Readers may also be surprised to learn that Bogle’s premise for launching the first index fund was not that markets are invariably efficient; sometimes, he writes, they are “wildly inefficient.” Rather, he documented that costs of investment management—particularly those associated with excessive portfolio turnover—had directly reduced the return investors could have earned if a cost-effective means of holding the market portfolio had been available to them. In one study he conducted on this matter, Bogle found that the stocks held by actively managed mutual funds at the start of the year performed better than the funds’ actual portfolios 52% of the time.
In this book (his 10th), Bogle takes up the cudgels on behalf of investors, who he believes have been poorly served by most of the investment industry. He deplores the evolution of money management from a profession—by definition, a group of practitioners who put their clients’ interests ahead of their own—to a business that frequently earns profits at the expense of its clients.
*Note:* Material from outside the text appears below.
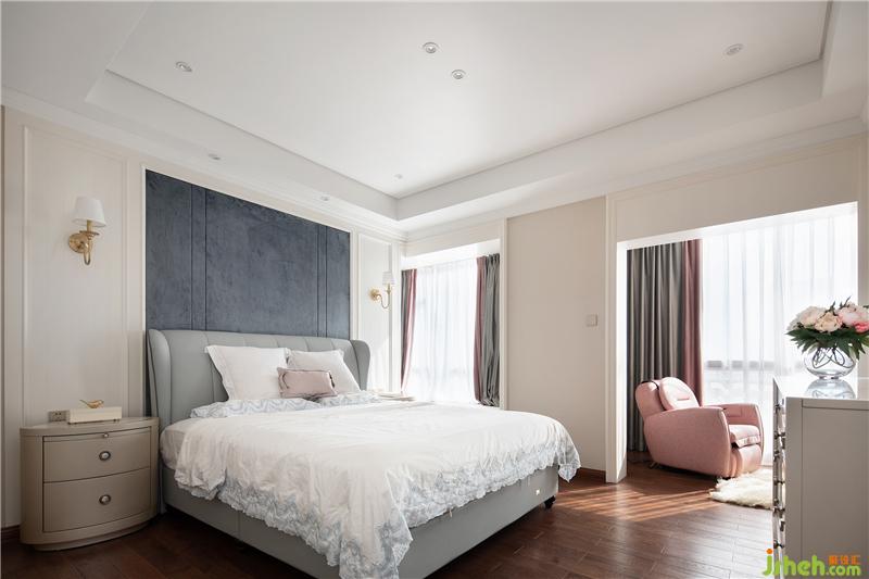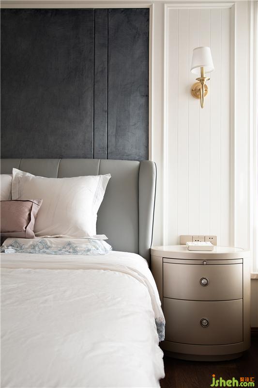 灰色皮質(zhì)大床搭配米色床頭柜,床品則以素色為主,跳出一個(gè)臟粉色的抱枕,柔化空間氛圍。窗簾選用灰+粉的拼色設(shè)計(jì),既呼應(yīng)了空間色調(diào),又營造了臥室空間的柔美情調(diào),讓每次回到臥室都倍覺享受。
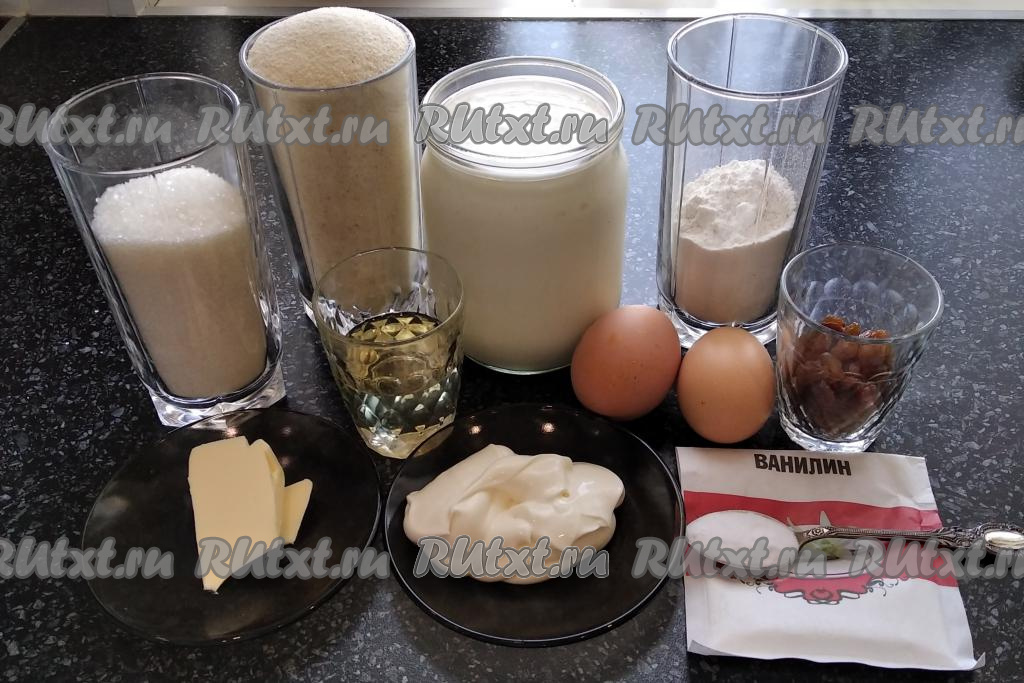Для приготовления манника на кефире с майонезом вам потребуются:

Bogle quotes Delaware Court of Chancery chancellor Leo Strine’s remark that although legal scholars make much of the agency problem created by the separation of ownership from control of operating companies, they have largely ignored a similar problem in the ownership of investment organizations by public stockholders or financial conglomerates, rather than by the owners of the assets under management. One troubling conflict of interest that Bogle sees in this separation is the extreme reluctance of money managers to vote against corporate management in proxy battles, lest they hurt their chances of winning mandates from the corporations’ 401(k) plans. He notes that the California State Teachers’ Retirement System, which faces no such conflict, votes against management 23% of the time.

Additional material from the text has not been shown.